Six months later, I happened to meet a lovely man. He was 36, single, no children, but he mentioned on our first date how much he regretted not having children. Eight months later, he proposed. Two months after that, we decided that as I was now 36 we should consider stopping birth control. A few months after that, I was pregnant. I honestly could not believe it. I spoke to my previous partner to let him know (he was now in a new relationship with someone who did not want children.) He was so happy for me, and said he felt a weight lifted off his shoulders, which was amazing.

In January of this year, I gave birth to my son. He is nearly six months old, and he is so perfect. I look at him every day and can’t quite believe that after all the years of agonizing, I finally have him. Admittedly, motherhood is a lot harder than I thought it would be. I struggled after a very traumatic labor and then dealing with a young baby and the COVID-19 lockdown has not been easy, but everything I went through was worth it for him.

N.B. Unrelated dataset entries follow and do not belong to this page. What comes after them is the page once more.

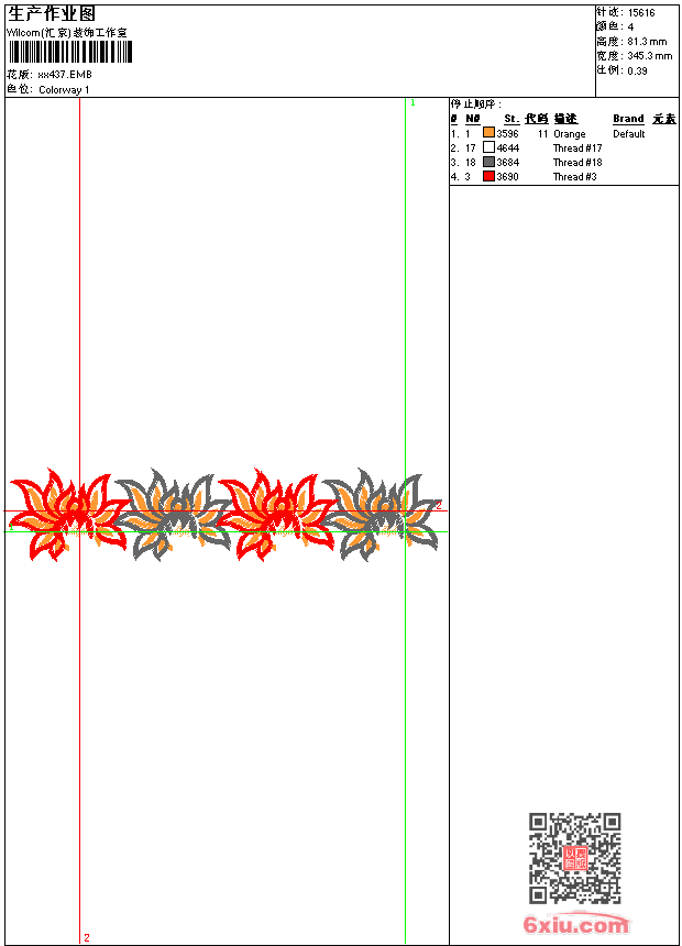 - emb花版参数: 大小:57.00 KB / 尺寸:345*81[毫米] / 针数:15616针 / 线色:4 / 格式:emb / 版本:9
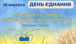 16 лютого у ВСП «Брянківський фаховий коледж ДЗ «Луганський національний університет імені Тараса Шевченка» пройшла тематична бесіда «У єдності - сила: серце, що б’ється в унісон», присвячена ДНЮ ЄДНАННЯ.
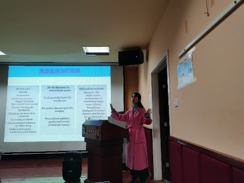 在讲座的第三部分,刘老师向同学们汇报了“323国家重点实验室—大学生心理健康心理实验”的最新成果,主要是老师如何将所学到的焦虑音乐治疗理论和实践知识运用在捷克论坛
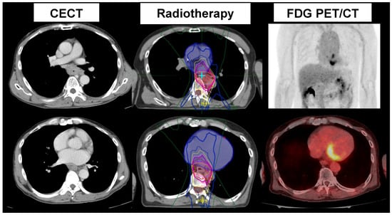 Secondary large vessel vasculitis should also be considered. Extensive chemotherapy for cancer treatment, particularly with human epidermal growth factor receptor 2 (HER2) inhibitors and immune checkpoint inhibitors, may cause severe cardiovascular inflammation [67,68]. In addition, radiation therapy for esophageal cancer or breast cancer may possibly cause cardiovascular dysfunction [67,68]. Suitable therapies have significantly improved both survival and long-term outcomes in many cancer entities. On the other hand, such improvements in cancer outcomes are often accompanied by increasingly relevant therapy-related cardiovascular toxicity. Molecular imaging using MRI and nuclear imaging are used for assessing tissue function before and after cancer therapy from molecular perspectives. FDG PET is most commonly applied for the detection and extension of cancers, and it has an important role in providing suitable cancer management and treatment monitoring [71,72,73,74]. Also, FDG PET is valuable for detecting active cardiovascular inflammation, particularly in the early stages of cancer therapy, and monitoring toxic effects [71,72]. Arterial thrombosis and myocardial infarction may sometimes be observed as cardiovascular toxicities after cancer therapy. FDG serves as a sensitive indicator of the metabolic shift (from fatty acid utilization to glucose utilization) in the myocardium, which occurs in the early stages of coronary artery disease [71].
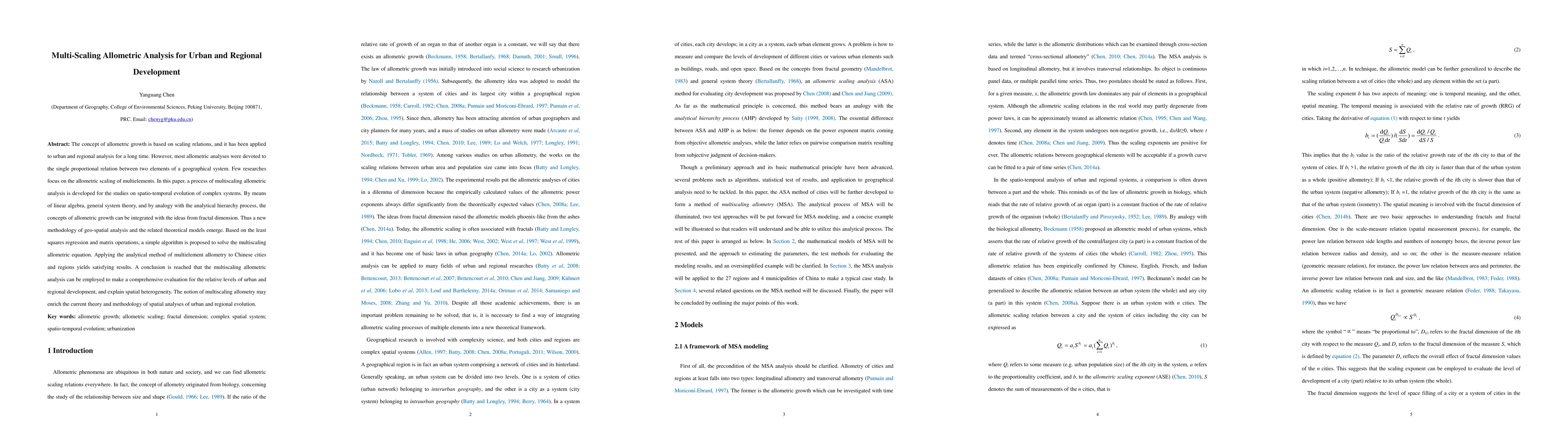 This paper develops a multiscaling allometric analysis methodology for evaluating urban and regional development, integrating linear algebra and general system theory. It proposes an algorithm based on least squares regression and matrix operations to solve multiscaling allometric equations, demonstrating its applicability and effectiveness in assessing spatial heterogeneity in Chinese cities and regions.
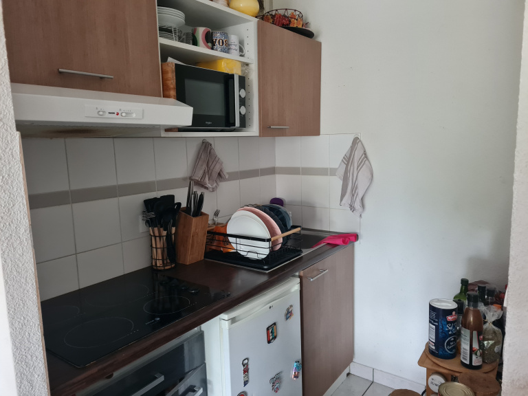 Séjour avec coin cuisine, chambre avec placard, salle de bains, Wc séparé -
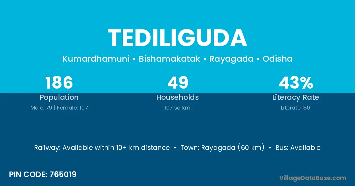 Rayagada (60 km) is the nearest town to Tediliguda village for major economic activities and is located approximately 60 km away.

I wondered if my story might help others who are struggling with the stay or go question.  I am not suggesting go is always the right answer, as I think for many people it isn’t, but for me it was.–Victoria

In a followup email, she added:

You reach a point where all of your friends are having kids, pregnant women or people with babies seem to be everywhere and I could hardly stand to look at them. I used to constantly imagine being pregnant, holding my baby etc. It became too much for me, and honestly I think the guilt became too much for him. We are both happier apart, I think, although I will always love him dearly.

We are undecided about another child at the moment after such a traumatic labor and being on the older side. Certainly not until next year if we do decide to but I won’t feel too bad if we don’t or can’t.

Good story, isn’t it? I welcome your comments.